If an officer suspects a driver is under the influence of alcohol or drugs, the officer may ask the driver to perform field sobriety tests. A field sobriety test is a battery of tests a law enforcement officer conducts to determine whether or not a driver is impaired. If a person fails one or more of these tests, he or she may be arrested for a DUI.

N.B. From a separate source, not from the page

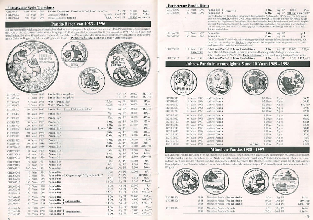 Anbei die versprochenen Preise zu den Panda Silberlingen aus einem Katalog aus dem Jahre 1998. Preise sind in DM.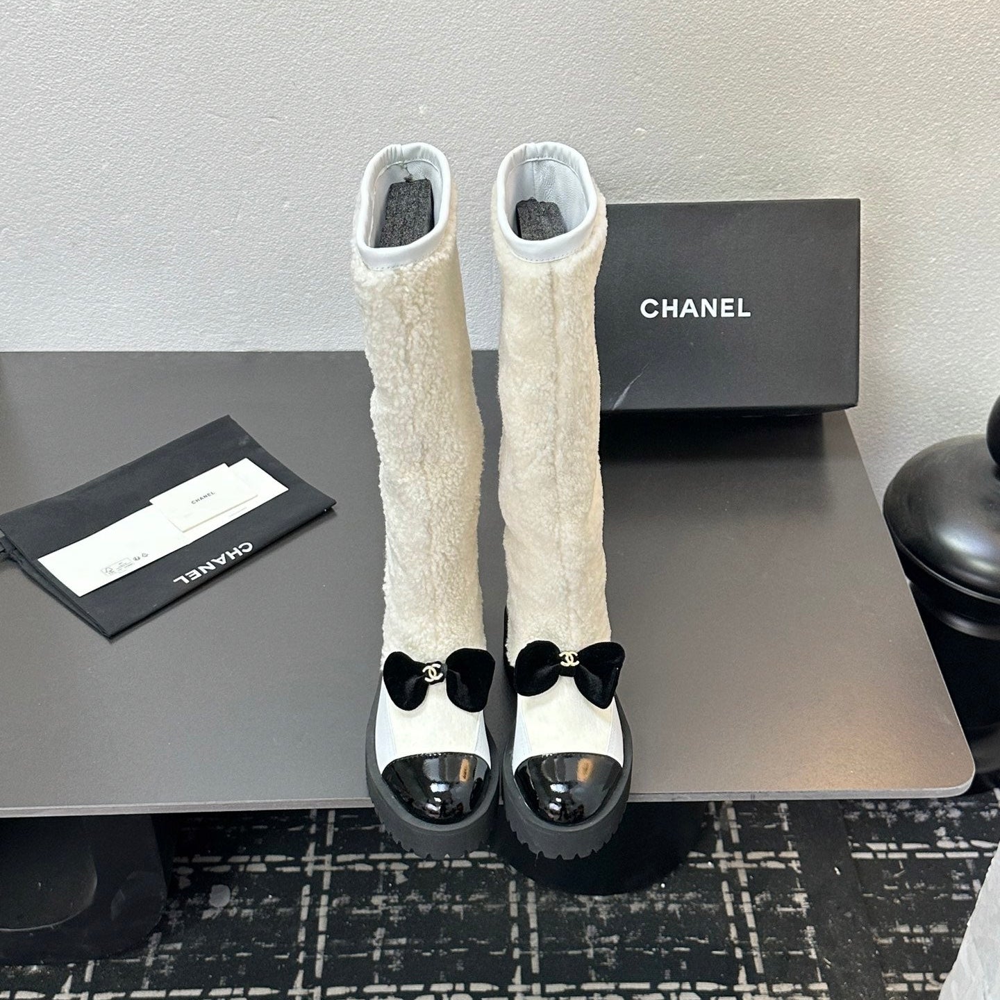 CC Coco Neige 2025/26 High Boots Black White Shearling Lambskin Patent Leather 529340

It is crucial that you understand Omaha field sobriety tests and your rights at a DUI stop. Reach out to an accomplished DUI lawyer from the Berry Law Firm today.

Horizontal Gaze Test

The horizontal gaze test is used by law enforcement officers to evaluate the driver’s eyes for involuntary jerking or bouncing. The officer moves an object from one side to another in front of the person while observing their eyes. Of the field sobriety tests, the horizontal gaze test shows the most scientific validity when it comes to determining intoxication.

Walk-and-Turn Test

The walk-and-turn test is when a driver walks in a straight line with their feet heel to toe. The individual then makes a turn and walks heel to toe in a straight line back to the starting point. In this test, the officer is looking to see whether the person has difficulty balancing or turns incorrectly.

One-Leg Stand Test

The one-leg stand test requires the driver to stand with one leg about six inches off the ground for 30 seconds. The police officer observes the person for indicators of impairment such as swaying, hopping, and using the arms to maintain balance.

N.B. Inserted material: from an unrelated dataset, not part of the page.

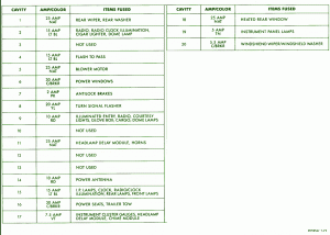 Fuse Panel Layout Diagram Parts: heated rear window, instrument panel lamp, windshield wiper illuminated entry, courtesy light, glove box, instrument cluster, gauges, headlamp delay module, chime module, horns, power antenna clock, radio clock, illumination rear lamps front lamp, power seat, trailer tow, rear washer, radio, radio clock illumination, cigar lighter, dome lamp, flash to pass, blower motor, power window, anti lock brake, turn signal flasher, dome lamps, headlamp delay module, rear wiper.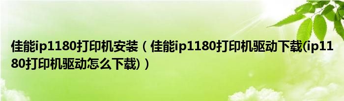 佳能ip1180打印機安裝(佳能ip1180打印機驅動下載(ip1180打印機驅動怎么下載))

Administering Field Sobriety Tests in Omaha

The tests are administered following certain guidelines developed by the National Highway Traffic Safety Administration (NHTSA) that must be followed during the administration of the Omaha field sobriety tests. Regardless of who gives the test, the instructions and scoring are the same. Most of the officers in the Omaha area are consistent in how they administer the field sobriety tests at DUI stops.

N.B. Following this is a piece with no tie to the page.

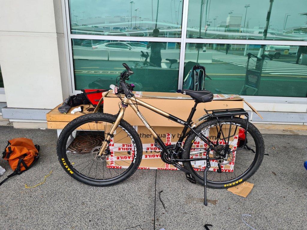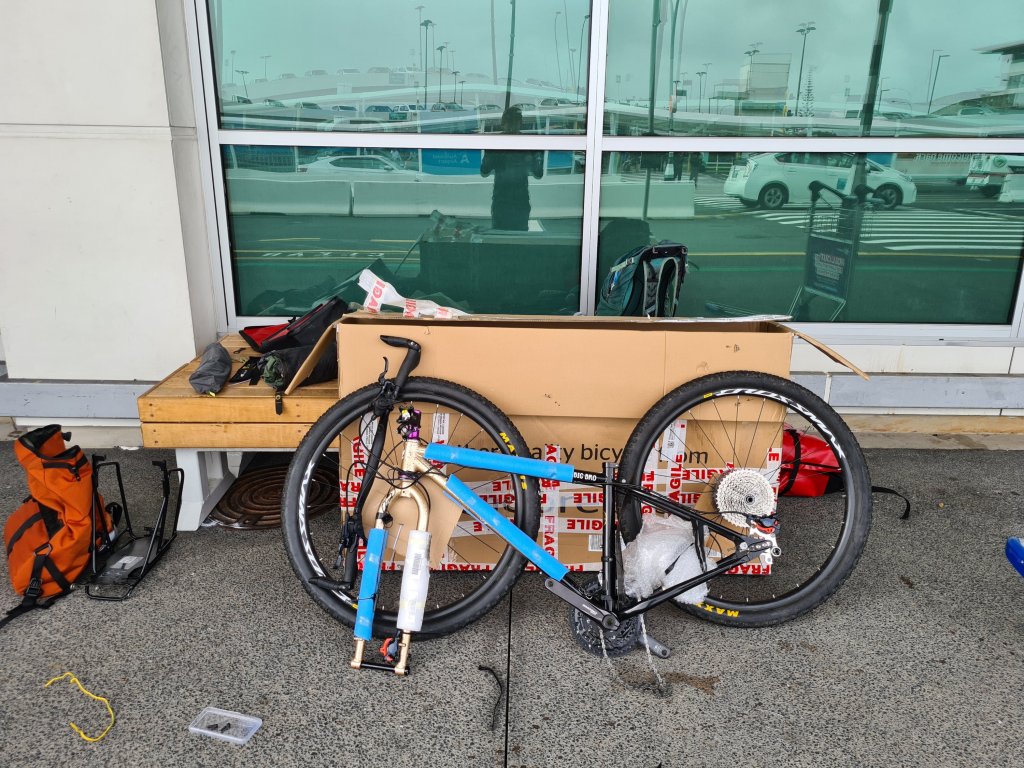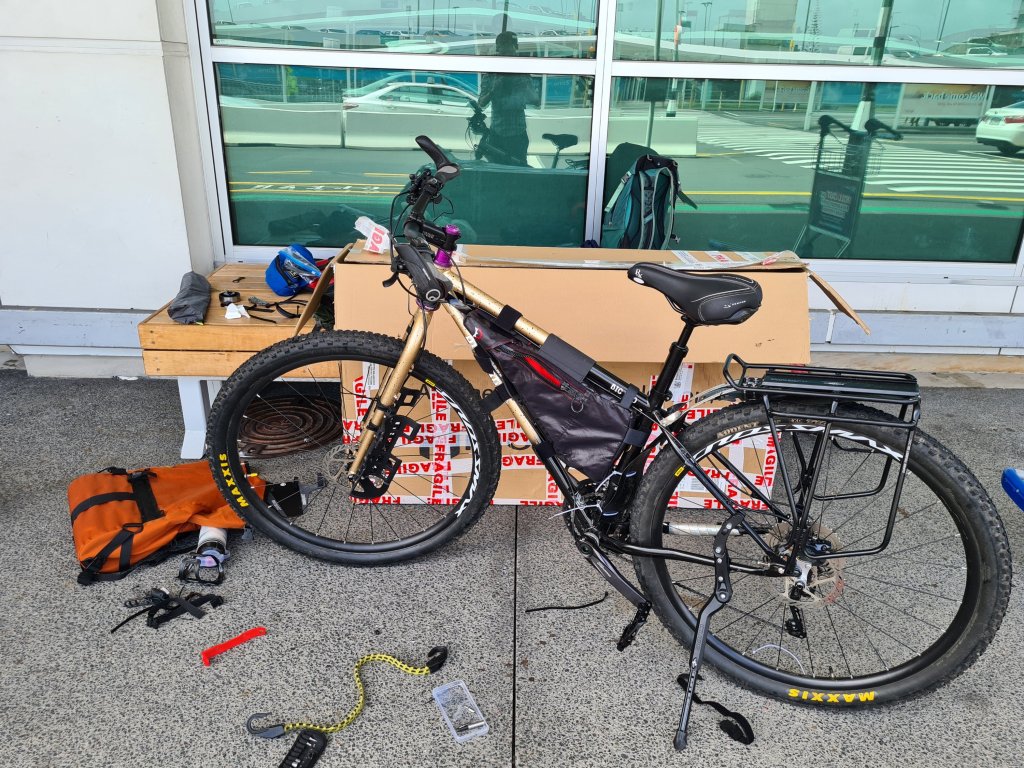 מצאתי פינה מוגנת מרוח (השמועות על עמדת אופניים מסודרת בשדה תעופה התבררו כמופרכות) וביליתי כמה שעות טובות בהרכבת האופניים, כולל פדלים. משם רכבתי אל תחנת הרכבת (כמה ק"מ טובים מהשדה, אין רכבת ישירה משום מה) ואל כריסטופר, המארח שלי באוקלנד מוורשאוורס.

Refusing to Perform a Field Sobriety Test

A person could refuse to do a field sobriety test and there is no additional charge for doing so. A person may refuse for any reason without an additional charge. For instance, he or she could refuse for medical reasons. However, if the individual is convicted, his or her refusal to do the field sobriety test could affect the sentence given by a judge.

Challenging a Field Sobriety Test at Trial

At a DUI trial, if the individual can show that he or she did not fail the tests, an argument could be made that he or she was not impaired. These field sobriety tests are not an exact science when it comes to determining impairment. For instance, someone could argue that a medical condition was the reason he or she was unable to pass the tests.